On a winter day in 1989, a prominent Marquette Cardiologist drove through the hospital parking lot and saw one of his patients in a pickup truck. The man was wrapped in a sleeping bag, and was shaving his face in the side view mirror. The Cardiologist later learned that his patient lived in a small town several hours away, and could not afford a hotel when he came to the hospital for his follow up care from his heart surgery, and would sleep in his car, even in sub-zero temperatures. Upon further investigation, it was discovered that this was not a unique situation. It appeared that many types of medical patients seeking specialty medical care from outside the area would frequently sleep in their cars, bathe in the public restrooms and snack on whatever was available in the hospital coffee lounges. Soon thereafter, physicians and volunteers would come together to create a plan to convert a small house next to the hospital for these types of patients, and offer the overnight accommodations at whatever donation level the patient could best afford. The first “Beacon House” in Marquette, Michigan was launched.
Beacon House has since played a crucial role in providing access to specialty medical care to families in the Upper Peninsula of Michigan (the U.P.) for over 30 years. From the start, the mission has been to provide compassionate and supportive services with a safe, affordable, place to stay for patients, families, loved ones and caregivers in times of medical crisis when home is too far away. Beacon House is a donation-based organization, and strives to serve all those in need with dignity and respect, and without judgment, ensuring that no guest ever feels unwelcome due to income or financial situation.

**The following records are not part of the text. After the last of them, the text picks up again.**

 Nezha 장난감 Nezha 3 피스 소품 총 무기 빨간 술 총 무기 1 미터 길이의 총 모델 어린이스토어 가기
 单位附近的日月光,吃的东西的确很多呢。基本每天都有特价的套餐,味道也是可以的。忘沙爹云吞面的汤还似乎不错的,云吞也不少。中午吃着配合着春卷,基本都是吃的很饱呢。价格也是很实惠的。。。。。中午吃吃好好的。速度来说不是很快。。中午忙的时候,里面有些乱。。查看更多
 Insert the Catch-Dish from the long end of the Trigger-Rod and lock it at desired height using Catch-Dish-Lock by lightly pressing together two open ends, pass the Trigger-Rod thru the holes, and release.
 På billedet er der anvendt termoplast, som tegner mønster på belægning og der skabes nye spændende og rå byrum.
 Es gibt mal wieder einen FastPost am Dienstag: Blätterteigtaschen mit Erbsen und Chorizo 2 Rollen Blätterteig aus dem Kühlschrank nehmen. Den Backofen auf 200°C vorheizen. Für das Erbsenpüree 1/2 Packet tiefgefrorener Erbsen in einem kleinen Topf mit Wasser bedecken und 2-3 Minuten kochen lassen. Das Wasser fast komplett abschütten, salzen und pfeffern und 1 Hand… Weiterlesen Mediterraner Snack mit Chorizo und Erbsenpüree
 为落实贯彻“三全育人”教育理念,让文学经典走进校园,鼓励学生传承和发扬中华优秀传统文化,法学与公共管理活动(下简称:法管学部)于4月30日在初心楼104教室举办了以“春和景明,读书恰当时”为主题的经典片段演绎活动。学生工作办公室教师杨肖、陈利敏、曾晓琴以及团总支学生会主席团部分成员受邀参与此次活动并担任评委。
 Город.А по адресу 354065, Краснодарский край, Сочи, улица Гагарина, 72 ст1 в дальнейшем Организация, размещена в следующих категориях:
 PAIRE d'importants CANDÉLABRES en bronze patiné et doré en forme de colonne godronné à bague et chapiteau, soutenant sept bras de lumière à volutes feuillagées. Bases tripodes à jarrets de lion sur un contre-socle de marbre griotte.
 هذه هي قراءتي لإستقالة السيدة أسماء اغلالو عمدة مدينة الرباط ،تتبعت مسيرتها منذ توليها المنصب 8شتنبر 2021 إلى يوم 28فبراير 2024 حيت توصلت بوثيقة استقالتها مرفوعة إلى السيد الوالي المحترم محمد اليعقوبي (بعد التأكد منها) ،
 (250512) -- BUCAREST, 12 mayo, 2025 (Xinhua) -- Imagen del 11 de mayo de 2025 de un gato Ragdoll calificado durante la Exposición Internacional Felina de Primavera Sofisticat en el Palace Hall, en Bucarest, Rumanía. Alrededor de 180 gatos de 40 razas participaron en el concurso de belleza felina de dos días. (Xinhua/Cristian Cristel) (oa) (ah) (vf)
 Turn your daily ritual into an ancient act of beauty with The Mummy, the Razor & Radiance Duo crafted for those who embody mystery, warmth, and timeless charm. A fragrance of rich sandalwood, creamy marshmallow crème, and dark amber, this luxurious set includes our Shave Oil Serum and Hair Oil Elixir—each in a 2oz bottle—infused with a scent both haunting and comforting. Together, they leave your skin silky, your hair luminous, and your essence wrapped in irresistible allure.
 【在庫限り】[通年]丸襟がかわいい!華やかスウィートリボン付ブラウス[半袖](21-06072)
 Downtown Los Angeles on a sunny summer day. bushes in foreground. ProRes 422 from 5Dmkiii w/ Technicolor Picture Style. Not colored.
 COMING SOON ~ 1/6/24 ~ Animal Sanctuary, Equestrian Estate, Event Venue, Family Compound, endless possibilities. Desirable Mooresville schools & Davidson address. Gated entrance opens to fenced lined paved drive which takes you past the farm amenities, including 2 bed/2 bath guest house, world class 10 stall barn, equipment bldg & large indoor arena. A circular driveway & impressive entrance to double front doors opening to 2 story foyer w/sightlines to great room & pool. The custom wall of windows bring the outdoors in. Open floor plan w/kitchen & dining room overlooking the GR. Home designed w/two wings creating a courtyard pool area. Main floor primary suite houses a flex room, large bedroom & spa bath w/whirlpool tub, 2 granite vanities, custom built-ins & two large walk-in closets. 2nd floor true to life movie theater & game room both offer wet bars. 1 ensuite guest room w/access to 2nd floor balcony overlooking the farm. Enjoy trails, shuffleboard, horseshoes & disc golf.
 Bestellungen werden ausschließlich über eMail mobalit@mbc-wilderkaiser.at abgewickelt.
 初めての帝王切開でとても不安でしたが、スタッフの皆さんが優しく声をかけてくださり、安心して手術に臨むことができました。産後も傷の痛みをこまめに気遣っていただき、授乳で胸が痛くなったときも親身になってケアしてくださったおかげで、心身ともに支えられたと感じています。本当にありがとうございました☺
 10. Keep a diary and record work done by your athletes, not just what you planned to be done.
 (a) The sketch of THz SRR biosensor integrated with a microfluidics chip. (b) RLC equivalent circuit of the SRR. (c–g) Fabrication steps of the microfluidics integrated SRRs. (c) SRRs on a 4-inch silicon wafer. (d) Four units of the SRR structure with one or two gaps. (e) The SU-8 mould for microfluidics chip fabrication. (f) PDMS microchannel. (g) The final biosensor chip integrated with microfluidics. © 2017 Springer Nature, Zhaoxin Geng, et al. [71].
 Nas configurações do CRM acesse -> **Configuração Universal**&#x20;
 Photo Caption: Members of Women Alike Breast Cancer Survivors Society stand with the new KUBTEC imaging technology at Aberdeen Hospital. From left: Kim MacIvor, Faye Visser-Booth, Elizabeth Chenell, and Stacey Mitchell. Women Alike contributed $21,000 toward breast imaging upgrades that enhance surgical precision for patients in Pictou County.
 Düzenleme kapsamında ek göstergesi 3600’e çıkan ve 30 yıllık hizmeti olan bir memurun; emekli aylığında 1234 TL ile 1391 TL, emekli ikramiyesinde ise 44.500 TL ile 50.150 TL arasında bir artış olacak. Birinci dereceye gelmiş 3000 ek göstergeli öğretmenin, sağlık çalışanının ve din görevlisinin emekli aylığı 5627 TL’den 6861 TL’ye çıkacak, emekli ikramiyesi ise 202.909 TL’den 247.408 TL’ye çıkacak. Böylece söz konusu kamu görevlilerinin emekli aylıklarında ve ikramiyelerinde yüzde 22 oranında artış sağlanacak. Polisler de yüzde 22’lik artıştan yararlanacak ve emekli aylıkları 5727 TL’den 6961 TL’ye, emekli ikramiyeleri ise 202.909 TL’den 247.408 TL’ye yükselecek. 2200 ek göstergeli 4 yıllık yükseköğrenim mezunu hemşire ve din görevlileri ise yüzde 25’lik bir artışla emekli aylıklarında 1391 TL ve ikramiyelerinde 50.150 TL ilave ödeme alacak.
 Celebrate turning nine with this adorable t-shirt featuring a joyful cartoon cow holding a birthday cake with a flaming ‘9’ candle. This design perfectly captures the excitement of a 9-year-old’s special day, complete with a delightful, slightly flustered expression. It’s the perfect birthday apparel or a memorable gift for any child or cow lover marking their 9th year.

Beacon House was established in 1990 with the original four-bedroom home near the hospital and in 1994, a second home was added to accommodate even more guests. In 2002, the hospital announced it would be demolishing the homes to create more parking space. The volunteer group efficiently created a 501c3 non-profit organization with a diverse board of directors, and with a bank loan, purchased a small hotel near the hospital to continue its mission to care for those in need. In 2013, it expanded its services to include managing 21 beds in a small section of the hospital, for outpatients who had difficulty traveling back and forth to the hospital from Beacon House during cancer treatments and other critical medical issues. In 2014, the hospital was sold to a for-profit organization who announced that they would be building a new hospital in a different section of town and closing the old hospital once it was built. They also announced that the new hospital would not have room for any hospitality rooms. The Beacon House board of directors then began mapping out a strategy to sell the Beacon House building and launch a capital campaign to raise the funds to build a new hospitality house next to the new hospital.